All this of course has brought forth new monetary reform efforts and groups all proposing that which has been proposed numerous times; to change the system, to stabilize the economy, and make money serve the needs of all the people and their environment instead of creating more and more uncaring billionaires. The NEED Act was drawn from the American Monetary Reform Act promoted by the American Monetary Institute, which has inspired other organizations like Positive Money UK, the Alliance for Just Money and the International Movement for Monetary Reform, a coalition of monetary reform groups emerging all around the world. The Alliance has an extensive bibliography of monetary materials to study. Christine Desan of the Harvard Law School too, is educating about money and organized a group at Harvard called Just Money that is putting on a conference in June. You have probably never heard of any of this which is a testament to the effectiveness of the system’s social management system. MMT dominates the popular monetary policy discussion, demonstrating the power of money to manipulate.
… if you control the money, you control the entire world. — Henry Kissinger
I hope this turns the lights on for you and others. I hope you will not take my word for it but will do your own research to verify what I’ve said. I hope you will look at the materials on the websites I list here. It is vital that we understand the ruling system and how to change it. I hope you will join the effort to make this monetary understanding self-evident and common knowledge. I leave you with a quote from Frederick Soddy, a Nobel laureate who got the prize for revealing the power of nuclear energy and who became a monetary reformer when he realized how the current power structure would misuse his discovery. His work was the inspiration for The Chicago Plan.

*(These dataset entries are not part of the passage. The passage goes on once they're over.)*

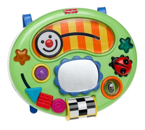 This toy keeps my son entertained in his crib for about 15 minute stretches-- just long enough for me to take a shower or wake up a little bit before I go pick him up in the morning. He loves the moving smiley face and the music, but he doesn\'t seem particularly interested in the other parts of the toy(mirror, ladybug, colored shapes).
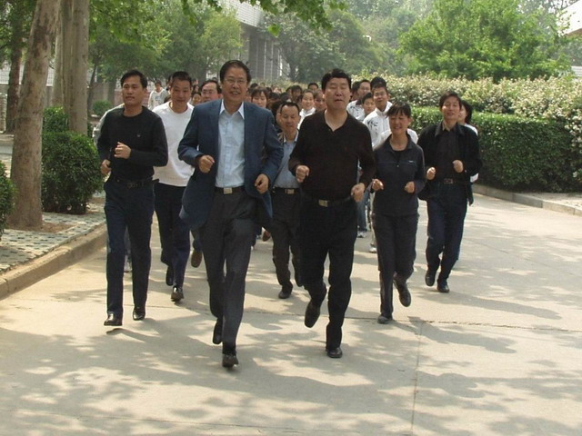 仪式结束后,在文锋、副书记刘文雅、副院长刘晓玉的带领下,各系部主任及师生们围绕学院进行了30分钟的长跑活动。体育场上掌声雷动,呐喊声此起彼伏,气氛热烈,师生们共同演绎着一幅“我锻炼,我健康,我快乐”的动人画卷。
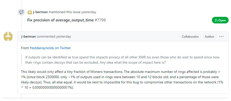 В блокчейне Monero используются кольцевые подписи блоков. В этой технологии связываются воедино входы и выходы не имеющих отношения друг к другу транзакций. Разработчики блокчейна называют эту технологию «приманкой». Уязвимость была обнаружена программистом Джастином Берманом 27 июля. Баг в алгоритме приманки мог деанонимизировать отправителя транзакции в случае, если он потратит криптовалюту в течении 20 минут после ее приобретения.

Ten centuries before Christ the ancient Greeks recognized that to issue the money was the most vital prerogative of democratic self-governance. To allow it to become a source of revenue to private issuers is to create, first, a secret and illicit arm of the government and, last, a rival power strong enough ultimately to overthrow all other forms of government.
— Frederick Soddy
This is a call to action because only with monetary reform can we hope to challenge and change the unjust power relations of the world.